Retirees are rightfully concerned about the safety levels of the investments they count on to sustain their comfortable retirement lifestyles. Having invested consistently into their IRAs, 401Ks and other vehicles within their financial portfolios, they need to know which investments will keep their monies working for them throughout their leisure years. Asset allocation is of key importance for all retirees, even though each case is unique from all others. In order to maximize your returns, you will need to experiment with and discern the best mixture of your assets, including:
- Mutual Funds
- Life Insurance
- Real Estate
The Best, Safest Investments For Retirees
Many financial experts agree that broad-based, low-load mutual funds are one of the safest ways for retirees to invest. When you keep the fees low and rebalance your mix between stocks and bonds periodically, you optimize your chances to succeed. If you play your cards correctly, you can fund your retirement solely off the interest and dividends from these riskless investments.
More specifically, you should focus on mutual funds that keep somewhere around 40% to 50% stocks. The maximum recommended is about 2/3 stocks and the rest bonds. Again, market conditions and, personal factors, will affect your final decision making processes. When you maintain this ratio of investment, you’re going to allow room for increasing inflation too – and that is one commonly forgotten element of solid retirement planning. Now, it may only add up to 2 or 3 percent on a yearly basis, but retirement is a long-term venture – and those 2 and 3 percents each year start adding up very quickly. Check out the superannuation calculator over at Suncorp to find out how much you really need to retire in 2014 & beyond.
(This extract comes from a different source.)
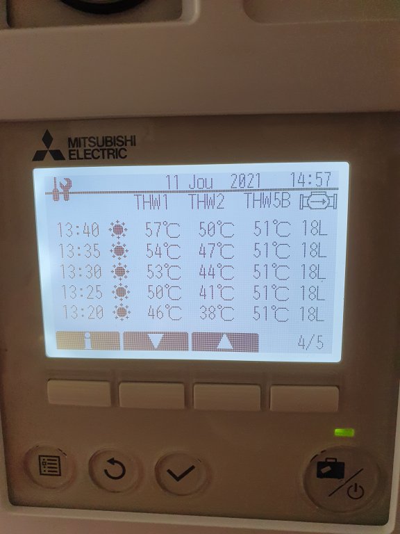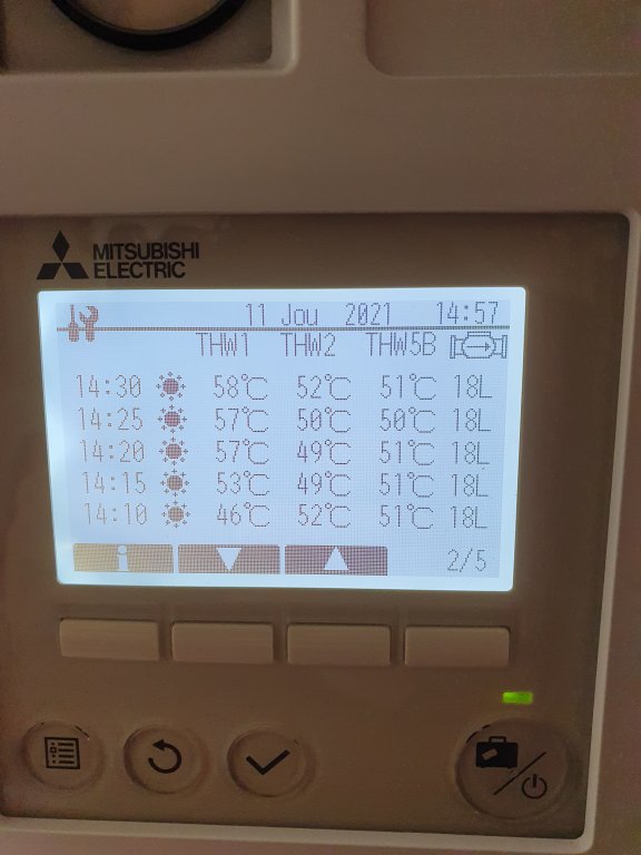 Vastusten käyttö näkyy kyllä olevan todella kitsasta. Vaikuttaa vähän siltä, että niitä säästetään vasta siihen, että menovesi ei nouse tarpeeksi ilman tai kun pakkasraja tekee ulkoyksikölle stopin. Vieläkin tekee yli 50C käyttövedenkin ilman vastuksia.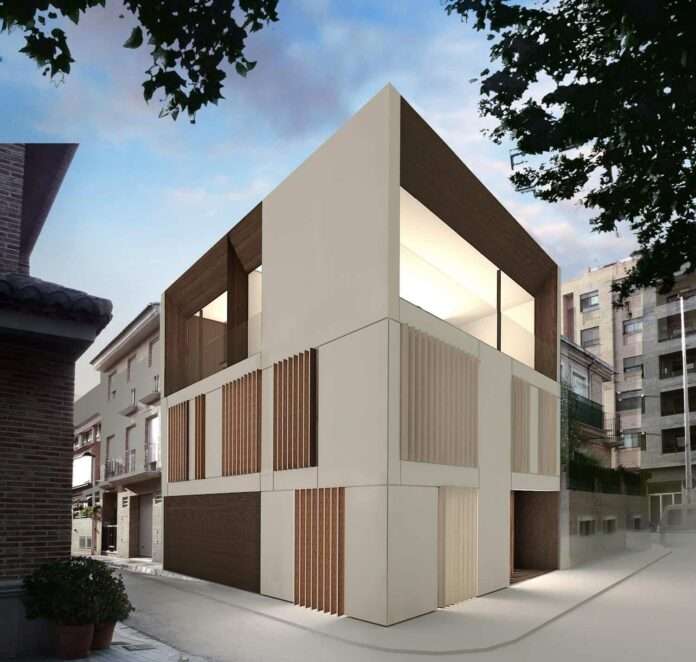 El uso de madera en el diseño de la fachada marca la ubicación tanto de la cocina como del salón además de formar parte de la gran terraza que ocupa la parte superior de la vivienda. El resto de entradas de luz se cierran utilizando un sistema de lamas motorizadas de color blanco, que una vez que se abren, muestran en su interior la madera que forman parte de la estructura.

Whichever investments you choose to fund our retirement lifestyle, you need to always be attempting to buy low, sell high and keep track of what’s happening in your markets. If you want to maximize your returns, then you still have to put in some work learning about current market trends. Sure, you’re retired and definitely not looking for stress and headaches. However, you don’t want your portfolio to be operating on autopilot to the degree that it begins performing poorly, and you don’t even recognize the losses. You still have to be on your toes if you truly desire to have your money work for you long term.
Risky Investments To Avoid In Retirement
Basically, considering current and recent market conditions, retirees may want to shy away from CDs and cash equivalent investments. Interest rates are just so low currently that there’s not much hope for any hefty returns with these vehicles. Use the assets you have acquired intelligently. You have no need for riding the waves of chaotic markets. You have no need for red-eyed days and nights spent at the trading screen.
To keep things simple and easy, concentrate on developing your retirement financial portfolio by investing in low-risk, consistent performers that won’t throw you heavy curves. Take it easy and take the safe, slow routes. You’ve earned it.